# Help identifying Stihl Brushcutter



## BenBH (Jun 21, 2018)

I just bought a brushcutter from a farm. I'm going to guess it'd be a 70's or 80's one as it has a thumb throttle instead of the plastic trigger. For the model I can see FS then the number is rubbed off and it looks like AV was at the end. It says electronic below that. It appears to be mostly metal including the gas tank Air filter is square not round so it looks like I may luck out and have the Walboro carb but other than that my research is coming up empty. None of the manuals on the stihl site look like what I have. I'll try to post a pic or two here. Any ideas? Thanks for the help!

Ben


----------



## Kfd518 (Jun 21, 2018)

Looks very similar to an 041 power head

Stihl fs410 av electronic


----------



## sawfun (Jun 21, 2018)

That would be REALLY cool with an 041 super powerhead.


----------



## bowtechmadman (Jun 21, 2018)

FS410AV is the model I'm guessing...so I'd guess that is exactly what the power head is...041. Very cool!
https://www.bing.com/images/search?...ndex=1&qpvt=stihl+041+brush+cutter&ajaxhist=0


----------



## BenBH (Jun 21, 2018)

Looks like we found it! Thanks to all for the help. Nothing that looked like it had been popping up in normal searches.

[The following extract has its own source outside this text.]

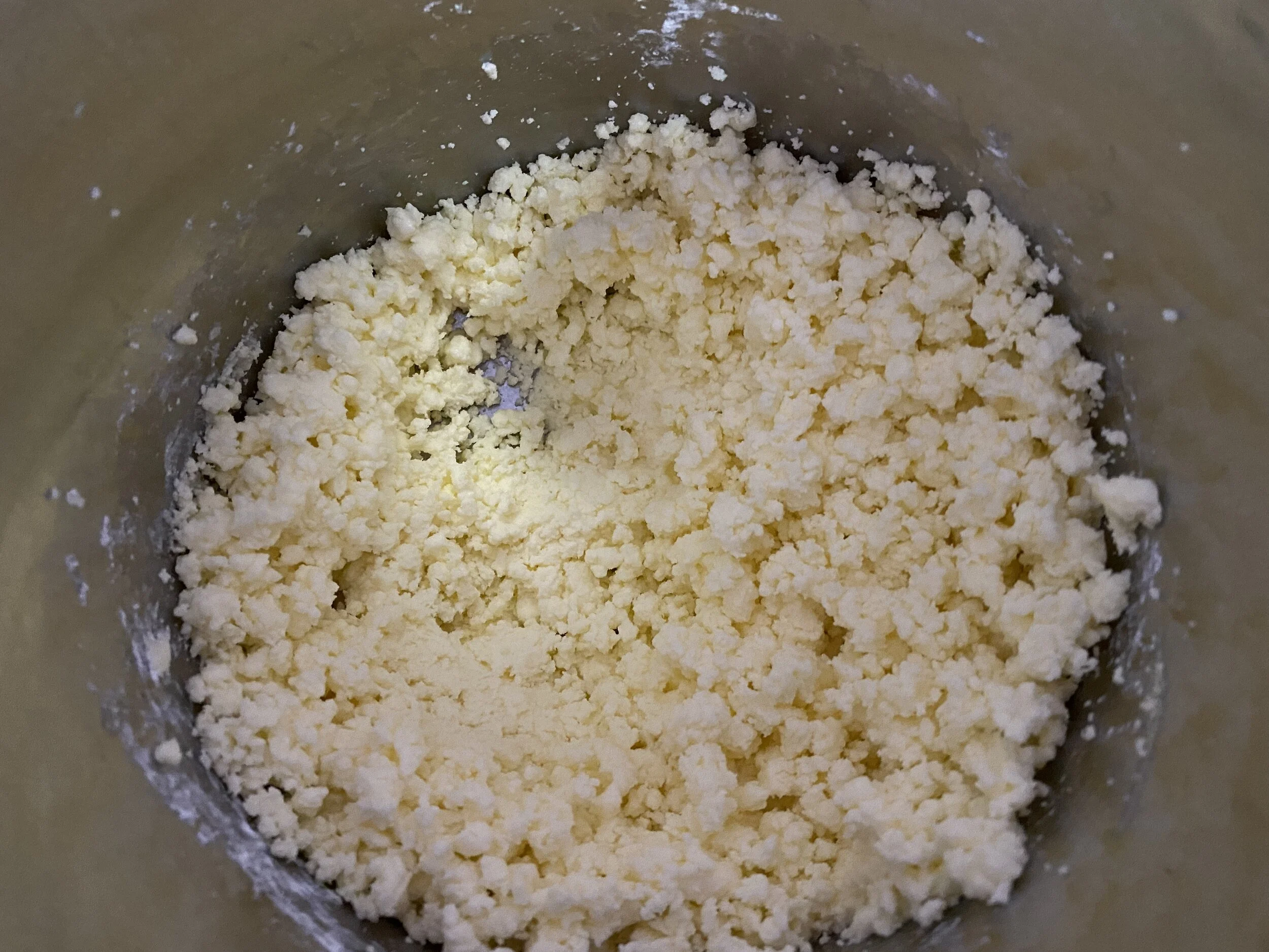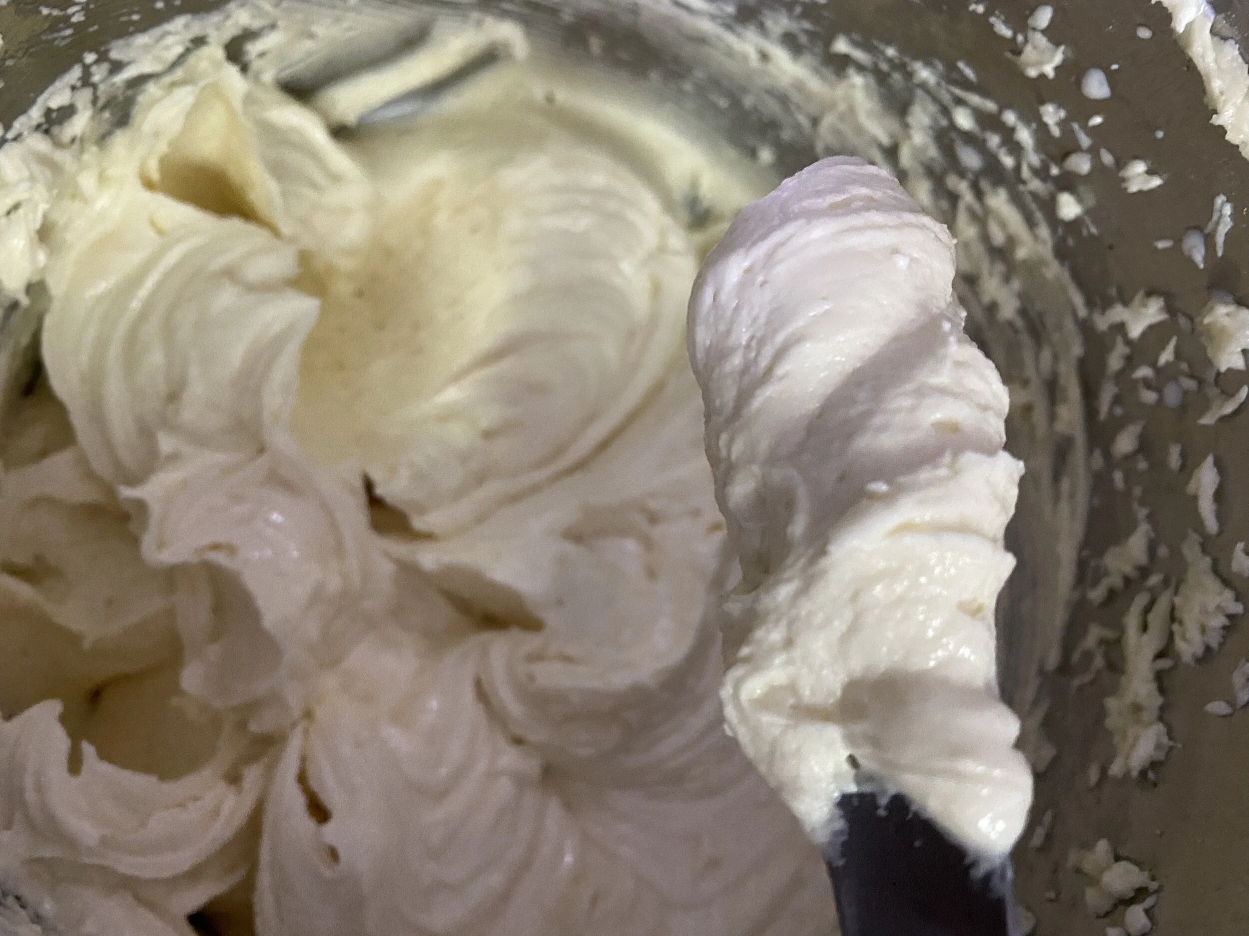 4. Cream the butter and sugar by adding the sugar a bit at a time. Once about 3/4th of the sugar is added, you will notice the texture will start getting clumpy, almost like clumps of dirt. Don’t worry and continue to add the sugar as the milk will thin it out.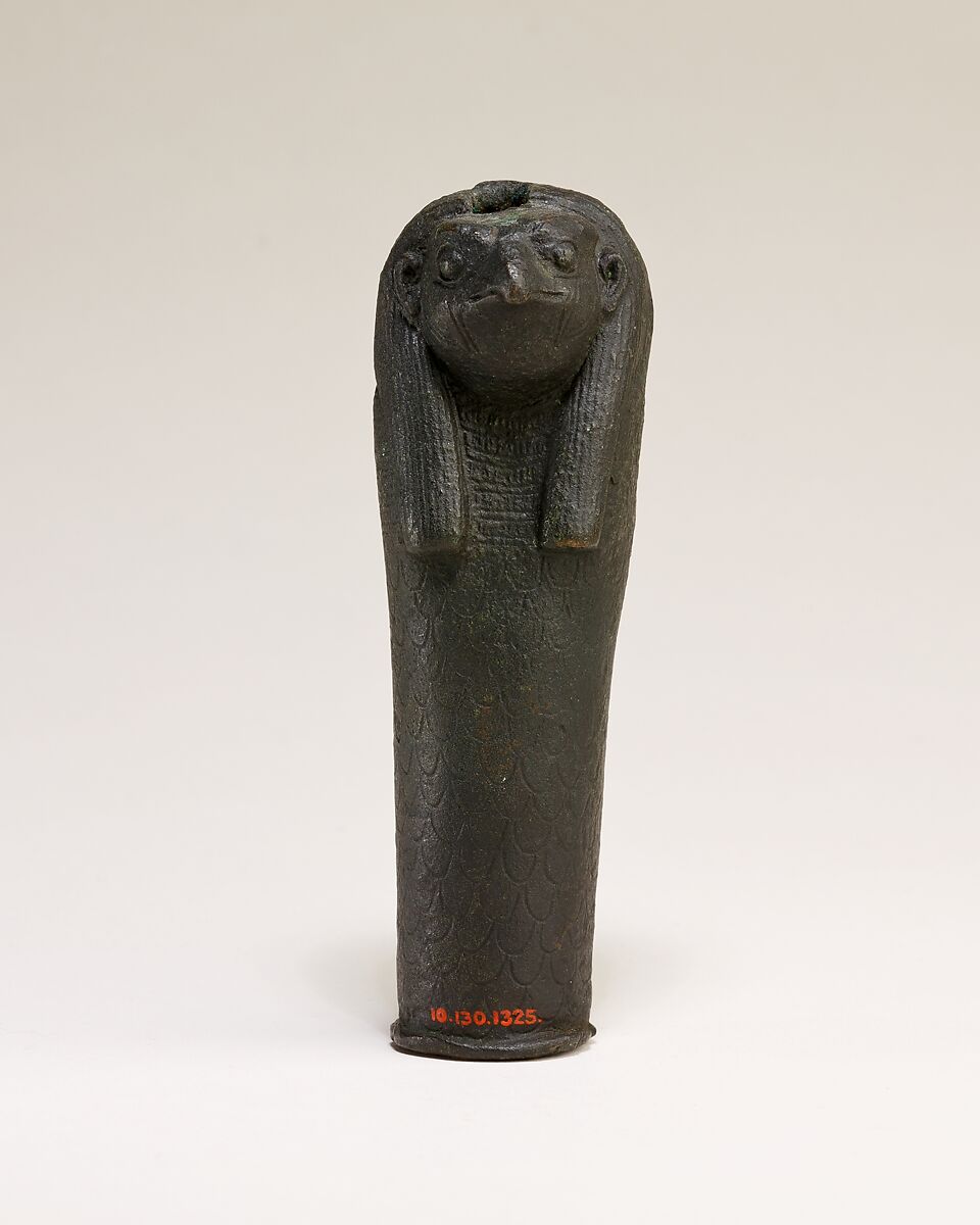 This hollow cylinder, surmounted by a falcon head, would have attached to the top of a pole or staff, to be used as cult equipment for rituals and during festival processions. The falcon deity wears the divine tripartite wig and a broad collar. A separately cast crown would have fitted into the large socket on top of the head, possibly a sun disc for the god Re Horakhte or a double crown for the god Horus.

You had to know what you were looking at and search that specific model for it to pop up. I'll be getting a new plug and throwing some premix in it to see if it'll fire. At 50 bucks I figured I couldn't go wrong here. May be buying some brush/wooded land soon so should come in handy for the 10 minutes my soft body will be able to hold it for


----------



## bowtechmadman (Jun 21, 2018)

Most likely will need to replace the fuel lines and rebuild carb if it hasn't run in a long time.


----------



## BenBH (Jun 25, 2018)

After two pulls it's only at 90psi. After a few more it creeps to 120 so I think it's tear down time. I posted another thread but no responses yet on pistons. Meteor or Epsilan (sp?) don't appear to be readily available so not sure what brand to go with at this point if it needs a piston. If i'm lucky it'll just be a ring job (i'm not normally lucky). Obviously it'll make sense to just do a whole new gasket set. How stout are the crank seals on these things? Worth attacking as long as it's apart or skip em? Never worked on a horizontal cylinder setup before and it looks like it'll be more difficult to take apart. No youtube videos of anything either that I could find so this ought to be interesting.


----------